Wednesday, 11 September 2013

The Yakiniku Recovery

By Kaleidic Economics

One scenario facing the UK economy is that of the “BBQ recovery” – low and slow. Compared to alternative scenarios, such as another unsustainable boom, or a debt-deflation spiral, it might be the best we can feasibly hope for. But to economists that sympathise with the Austrian school, it may actually be better than that. If NGDP growth of 5% per year is deemed high enough to generate bubbles, returning to it should not be considered ideal.

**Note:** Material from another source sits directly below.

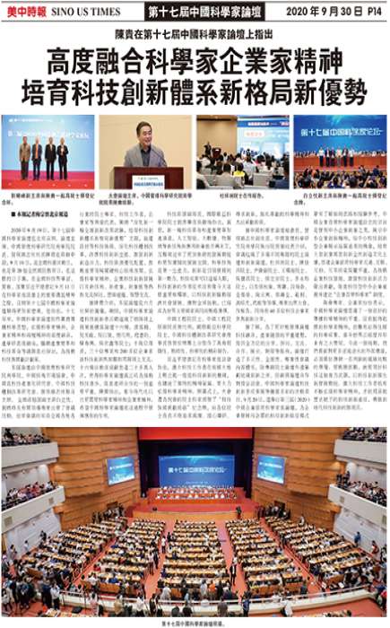 2020年9月19日,第十七届中国科学家论坛在北京召开。论坛主席、中国管理科学研究院商学院院长、发现杂志社社长陈贵在致辞中说,9月19日,是全国科普活动日,也是第20个全民国防教育日,在这样的日子里,在全国科技界学习、贯彻、落实习近平总书记9月11日在科学家座谈会上的重要讲话精神之际,召开第十七届中国科学家论坛显得更加有意义。他指出,十七年来,中国科学家论坛始终围绕传播科学思想,弘扬科学家精神,企业家精神和两种精神的高度融合,产学研高度融合,驱动产...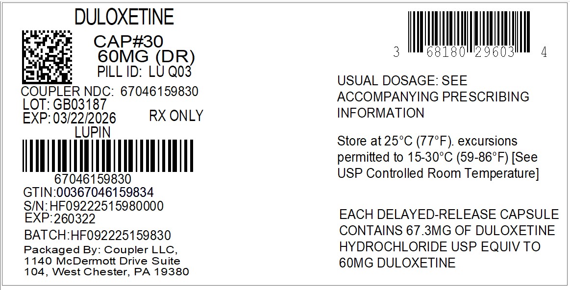 Duloxetine by is a Prescription medication manufactured, distributed, or labeled by Coupler LLC, LUPIN LIMITED. Drug facts, warnings, and ingredients follow.

Indeed consider the position attributed to Hayek:
“The moment there is any sign that the total income stream may actually shrink, I should certainly not only try everything in my power to prevent it from dwindling, but I should announce beforehand that I would do so in the event the problem arose.”
This might be treated as similar to a 0% NGDP rule, which would result in any productivity gains manifesting themselves in mild price deflation. If this is the case, the “growth” enjoyed in 2002-2006 should be considered a mirage, and be replaced by a more modest rate (and indeed in NGDP terms perhaps a flat one). Those who advocate such a productivity norm (e.g. Selgin 1997) do not see all instances of falling prices as being undesirable. On the contrary, the norm of sustained inflation can cause immense economic harm. Real growth at its potential, and falling prices, would be welcome.